Пал Палыч любит, когда дело вертится само собой, без нажима, махнул рукой – езжай, а сам сочинял бумагу в бассейновую инспекцию, выпрашивал еще одну штатную единицу, второго моториста на катер.
Зима в этом году медлила. Давно уже леса голые, давно уже семга вышла из рек, попряталась в глубину, давно на полях киснут зеленя озимых, уже пять раз выпадал снег и каждый раз сходил, оставляя после себя слякоть на дорогах. Озера стоят черные, при виде их зябнет спина.
Трофим шел на весельной лодке от деревни к деревне, ночевал в избах, прислушивался, а чтоб навести на разговор, сам охотно рассказывал, как нес младенца. Его слушали, охали, любопытствовали, судили мать-злодейку, но ничего путного не сообщали – рады бы, да не знали.
Он добирался до очередной деревушки Бобыли, запозднился, наливалась ночь над черной водой, недалекий берег расплывался и начинал смахивать на застывшую тучу. Картаво вскрикивали уключины, падали весла, наводили тугую нефтянистую волну, и гребни этой волны улавливали мутноватый отсвет сумрачного неба. И казалось, все живое вымерло вокруг и весь мир с деревеньками, с мокрыми лесами, с людьми, с лесной живностью залило бездонное озеро.
И в Трофима, как это часто случалось в последнее время, вползла зверем тоска, хоть бросай весла и кричи криком. Один на свете – безродный, несогретый, никому не нужный, один, и нет надежды, что найдешь кого-то. Уже близка старость, в его годы любой человек сидит, как в шубе, внутри семьи – дети, которых когда-то носил на руках, внуки, лезущие на колени. Ничего! Голый, зябнущий, источенный злобой. Все эти годы злоба идет по пятам. Вот и сейчас сбежал из дому, ищет… А вдуматься – что ищет?
Вскрикивают уключины, всхлипывают весла, лодка режет жирную воду, везет его в незнакомую деревню, к незнакомым людям. И он будет считать удачей, если найдет, если растопчет ту, что ищет, и ему кажется, что от этого ему станет легче.

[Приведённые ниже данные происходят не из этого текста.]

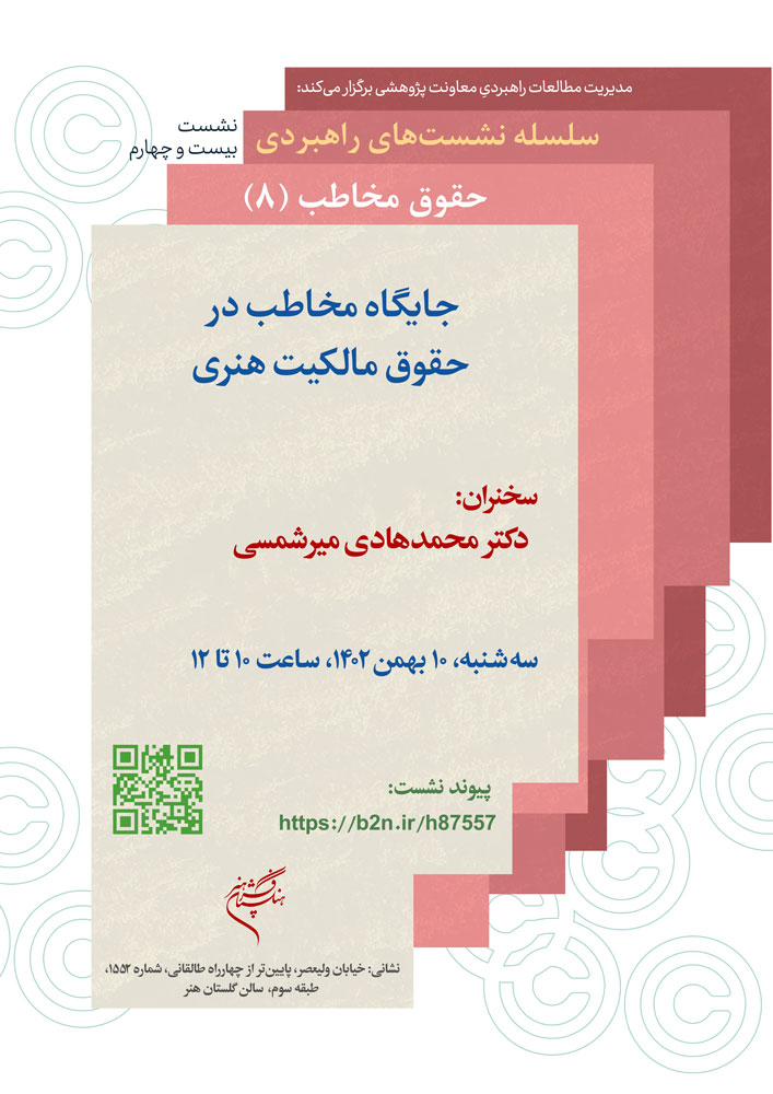 به گزارش گالري آنلاين به نقل از روابطعمومي فرهنگستان هنر، هشتمين نشست راهبردي حقوق مخاطب به نشست تخصصي «جايگاه مخاطب در حقوق مالکيت هنري» اختصاص دارد. در اين نشست محمدهادي ميرشمسي، استاديار دانشکده حقوق و علوم سياسي دانشگاه علامه طباطبايي به سخنراني ميپردازد.

В стороне от берега, на воде теплился огонек. Единственная светлая точка в мокрой темени – деревня-то далеко, светящихся окон не видно, – единственная на весь обступивший мир, дрожащая, неверная, ласково зовущая к себе. И правое весло само собой налегло сильней, само собой нос лодки нацелился на огонек.
Огонь на воде, огонь среди озера, где не бывало и нет никаких бакенов, мог означать только одно – «лучат рыбу».
Поздней осенью, вплоть до ледостава, в холодной воде рыбы дремлют. В эту пору у них на время остывает неумеренная жажда к жизни – не рыщут с прежней энергией, кого бы сожрать, не прячутся, чтобы не быть сожранными, не увиваются возле самок – «трошки тупеют», как говорят в деревнях. Рыбаки на нос лодки устанавливают из железного листа жаровню, разводят на ней огонь, берут длинную острогу. Костер освещает воду, она, в темноте нефтянисто-черная, при отсветах пламени хотя и скупо, но открывает секреты – шевелящиеся водоросли, затонувшую корягу и наконец обморочно застывшую в скупой пестрой расцветке щуку. Тогда вскидывай острогу и не промахнись… И в этой ловле были свои прославленные мастера добытчики.
Но «лучить рыбу» запрещалось, хотя и не очень строжились – проступок не из больших. Однако Трофим ехал сейчас не для того, чтобы схватить кого-то за шиворот, а чтоб согреться у живой души.
На вскрученных волнах, на мокрых лопастях весел, в каплях воды, срывающихся с них, засверкали горячие и веселые отблески костра. Казалось, костер горит прямо на воде, отбрасывая длинную тень в одну сторону. Эта тень была дубасом, лодкой-долбленкой, не всякий-то с такой справится, а уж тем более не решится на ней гулять ночью по озеру.
Обычно лучат вдвоем – один на веслах, другой на носу с острогой. Но Трофим в дубасе разглядел одинокую нахохлившуюся фигурку, подумал с одобрением: «Видать, хват. И с острогой, и с шестом, и сам огонь подправляет, да еще на такой душегубке».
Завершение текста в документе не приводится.